Menurut Banyu Perwita, kekerasan struktural adalah kekerasan yang terjadi secara non-verbal, seperti kemiskinan, kelaparan, penindasan, dan pengasingan sosial yang menyebabkan penderitaan mendalam bagi seseorang. Kekerasan ini jika dbiarkan akan berujung pada kekerasan langsung. Kekerasan langsung adalah segala macam bentuk kekerasan dalam bentuk verbal yang mengakibatkan luka fisik dan penderitaan yang dalam bagi seseorang. Perang dan konflik bersenjata yang mengakibatkan hilangnya nyawa adalah contoh yang paling tepat untuk menggambarkan bentuk dari kekerasan langsung (Perwita & Sabban, 2015).


Oleh karena fakta-fakta di atas, generasi muda Papua perlu dimodernisasi sesuai tuntutan zaman masa kini dan masa kedepan dengan pendekatan berbagai kajian keilmuan dan nilai-nilai modern. Kedepan, generasi muda Papua perlu dikirim ke berbagai universitas agar mereka akrab dengan teori-teori revolusi dan perubahan sosial yang terjadi di berbagai negara yang berhasil memajukan masyarakatnya. Dengan pendekatan sosial perubahan masa kini tekanan lebih pada revolusi intelektual dipadukan dengan nilai-nilai damai Papua sendiri dan nilai damai universal didukung internasional sebagaimana hal itu juga sepenuhnya didukung tokoh-tokoh agama di sana. 


Kesimpulannya, pendidikan memang sangat penting di Papua. Beruntung, sejak UU Otonomi Khusus tahun 2001 pemerintah selalu memberi perhatian terhadap sektor ini. Dana yang diberikan kepada Papua (termasuk Papua Barat) selama ini pun mencapai angka 126.99 Triliun, di mana dana untuk pendidikan termasuk di dalamnya (Kompas, 2020). Itulah mengapa Otsus yang tahun depan akan berakhir sesuai perintah UU tersebut, perlu untuk dievaluasi dan diperpanjang. Evaluasi khususnya untuk dana pendidikan agar ditambah pengalokasiannya, serta target sasarannya dijaga betul agar tidak ada penyelewengan. 
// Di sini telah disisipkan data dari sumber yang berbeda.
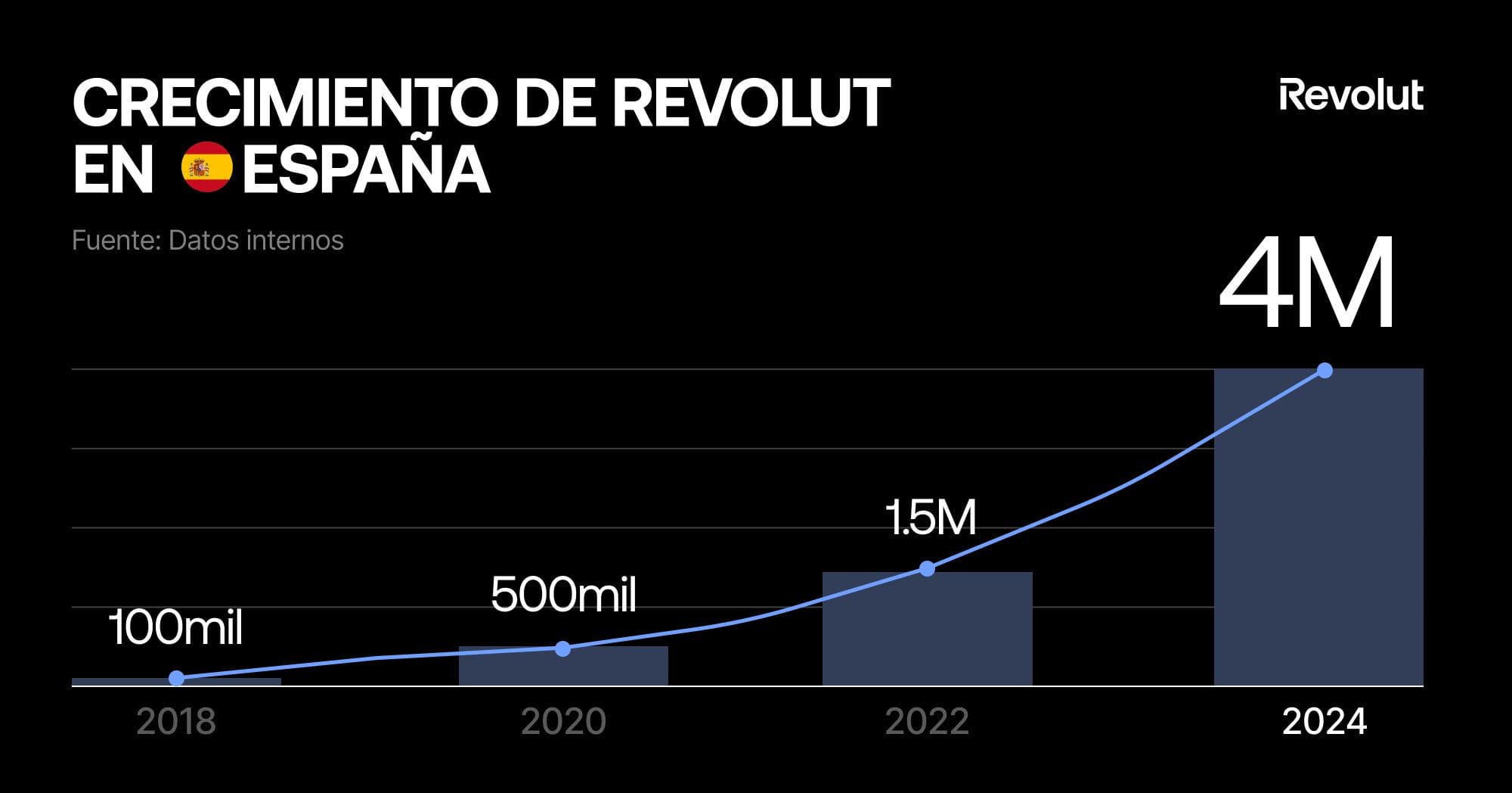 🇪🇸 Revolut just reached 4 million customers in Spain, an increase of 60% or about 1.5M over the year. About the same number as it managed to attract in the first 5 years in. Now Spain ranks as the 3rd fastest growing market for Revolut, behind the UK and France.

Terakhir, konflik akan selalu ada di setiap peradaban manusia manapun, dan tidak akan pernah selesai. Eksistensi manusia sangat bergantung pada kemampuannya mengelola konflik. Untuk bisa mengelola, sampai meresolusi konflik, maka fokus perhatian harus diarahkan pada analisa perilaku manusia dan lingkungannya (Indrawan, 2019). Perilaku orang-orang seperti Bazoka Logo dan anak-anak muda Papua lainnya yang terhasut isu separatisme memang harus menjadi perhatian kita bersama. Bukan karena revolusioner maka harus dihilangkan, namun diarahkan agar mereka dapat kembali ke jalan yang benar.